Aim of the task —
Take the material below and restate it word for word, stopping after the line in which "A team of 11" occurs.

- - - -

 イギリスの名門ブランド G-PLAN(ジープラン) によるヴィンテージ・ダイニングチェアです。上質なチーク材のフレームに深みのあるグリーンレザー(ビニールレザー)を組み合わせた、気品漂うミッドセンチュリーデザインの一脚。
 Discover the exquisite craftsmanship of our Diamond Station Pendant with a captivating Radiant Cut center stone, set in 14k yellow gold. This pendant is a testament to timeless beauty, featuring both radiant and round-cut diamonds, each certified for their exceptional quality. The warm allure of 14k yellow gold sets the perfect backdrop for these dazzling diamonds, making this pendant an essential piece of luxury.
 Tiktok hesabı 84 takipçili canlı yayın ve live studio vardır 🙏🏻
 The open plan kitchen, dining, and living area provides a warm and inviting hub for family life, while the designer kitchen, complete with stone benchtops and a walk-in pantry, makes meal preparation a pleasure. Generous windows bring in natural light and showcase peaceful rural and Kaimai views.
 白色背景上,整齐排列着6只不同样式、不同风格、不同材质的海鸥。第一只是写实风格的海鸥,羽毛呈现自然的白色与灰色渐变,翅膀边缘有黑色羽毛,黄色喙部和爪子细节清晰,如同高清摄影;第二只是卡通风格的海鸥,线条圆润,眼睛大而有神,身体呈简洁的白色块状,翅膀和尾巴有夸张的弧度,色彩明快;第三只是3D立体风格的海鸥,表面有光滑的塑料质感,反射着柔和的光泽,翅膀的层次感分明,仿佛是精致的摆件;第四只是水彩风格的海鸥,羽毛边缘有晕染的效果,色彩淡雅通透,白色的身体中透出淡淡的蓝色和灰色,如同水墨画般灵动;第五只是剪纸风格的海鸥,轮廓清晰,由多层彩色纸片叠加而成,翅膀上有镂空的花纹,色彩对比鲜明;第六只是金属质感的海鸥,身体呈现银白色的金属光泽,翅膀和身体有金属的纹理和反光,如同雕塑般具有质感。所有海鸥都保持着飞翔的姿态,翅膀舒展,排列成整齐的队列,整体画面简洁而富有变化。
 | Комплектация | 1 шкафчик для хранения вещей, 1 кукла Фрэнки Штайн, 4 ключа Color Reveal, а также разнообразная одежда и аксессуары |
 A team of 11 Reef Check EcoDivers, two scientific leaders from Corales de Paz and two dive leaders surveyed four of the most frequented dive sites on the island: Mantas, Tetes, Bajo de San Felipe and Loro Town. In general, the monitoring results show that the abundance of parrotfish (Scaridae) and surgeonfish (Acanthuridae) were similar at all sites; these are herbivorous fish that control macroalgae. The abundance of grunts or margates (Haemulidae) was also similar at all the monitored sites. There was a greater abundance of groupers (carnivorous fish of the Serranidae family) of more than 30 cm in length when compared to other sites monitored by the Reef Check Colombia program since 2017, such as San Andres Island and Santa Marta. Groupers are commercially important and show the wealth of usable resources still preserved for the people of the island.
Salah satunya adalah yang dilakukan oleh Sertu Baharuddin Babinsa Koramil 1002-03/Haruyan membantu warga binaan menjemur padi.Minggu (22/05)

- - - -

Written reply —
 イギリスの名門ブランド G-PLAN(ジープラン) によるヴィンテージ・ダイニングチェアです。上質なチーク材のフレームに深みのあるグリーンレザー(ビニールレザー)を組み合わせた、気品漂うミッドセンチュリーデザインの一脚。
 Discover the exquisite craftsmanship of our Diamond Station Pendant with a captivating Radiant Cut center stone, set in 14k yellow gold. This pendant is a testament to timeless beauty, featuring both radiant and round-cut diamonds, each certified for their exceptional quality. The warm allure of 14k yellow gold sets the perfect backdrop for these dazzling diamonds, making this pendant an essential piece of luxury.
 Tiktok hesabı 84 takipçili canlı yayın ve live studio vardır 🙏🏻
 The open plan kitchen, dining, and living area provides a warm and inviting hub for family life, while the designer kitchen, complete with stone benchtops and a walk-in pantry, makes meal preparation a pleasure. Generous windows bring in natural light and showcase peaceful rural and Kaimai views.
 白色背景上,整齐排列着6只不同样式、不同风格、不同材质的海鸥。第一只是写实风格的海鸥,羽毛呈现自然的白色与灰色渐变,翅膀边缘有黑色羽毛,黄色喙部和爪子细节清晰,如同高清摄影;第二只是卡通风格的海鸥,线条圆润,眼睛大而有神,身体呈简洁的白色块状,翅膀和尾巴有夸张的弧度,色彩明快;第三只是3D立体风格的海鸥,表面有光滑的塑料质感,反射着柔和的光泽,翅膀的层次感分明,仿佛是精致的摆件;第四只是水彩风格的海鸥,羽毛边缘有晕染的效果,色彩淡雅通透,白色的身体中透出淡淡的蓝色和灰色,如同水墨画般灵动;第五只是剪纸风格的海鸥,轮廓清晰,由多层彩色纸片叠加而成,翅膀上有镂空的花纹,色彩对比鲜明;第六只是金属质感的海鸥,身体呈现银白色的金属光泽,翅膀和身体有金属的纹理和反光,如同雕塑般具有质感。所有海鸥都保持着飞翔的姿态,翅膀舒展,排列成整齐的队列,整体画面简洁而富有变化。
 | Комплектация | 1 шкафчик для хранения вещей, 1 кукла Фрэнки Штайн, 4 ключа Color Reveal, а также разнообразная одежда и аксессуары |
 A team of 11 Reef Check EcoDivers, two scientific leaders from Corales de Paz and two dive leaders surveyed four of the most frequented dive sites on the island: Mantas, Tetes, Bajo de San Felipe and Loro Town. In general, the monitoring results show that the abundance of parrotfish (Scaridae) and surgeonfish (Acanthuridae) were similar at all sites; these are herbivorous fish that control macroalgae. The abundance of grunts or margates (Haemulidae) was also similar at all the monitored sites. There was a greater abundance of groupers (carnivorous fish of the Serranidae family) of more than 30 cm in length when compared to other sites monitored by the Reef Check Colombia program since 2017, such as San Andres Island and Santa Marta. Groupers are commercially important and show the wealth of usable resources still preserved for the people of the island.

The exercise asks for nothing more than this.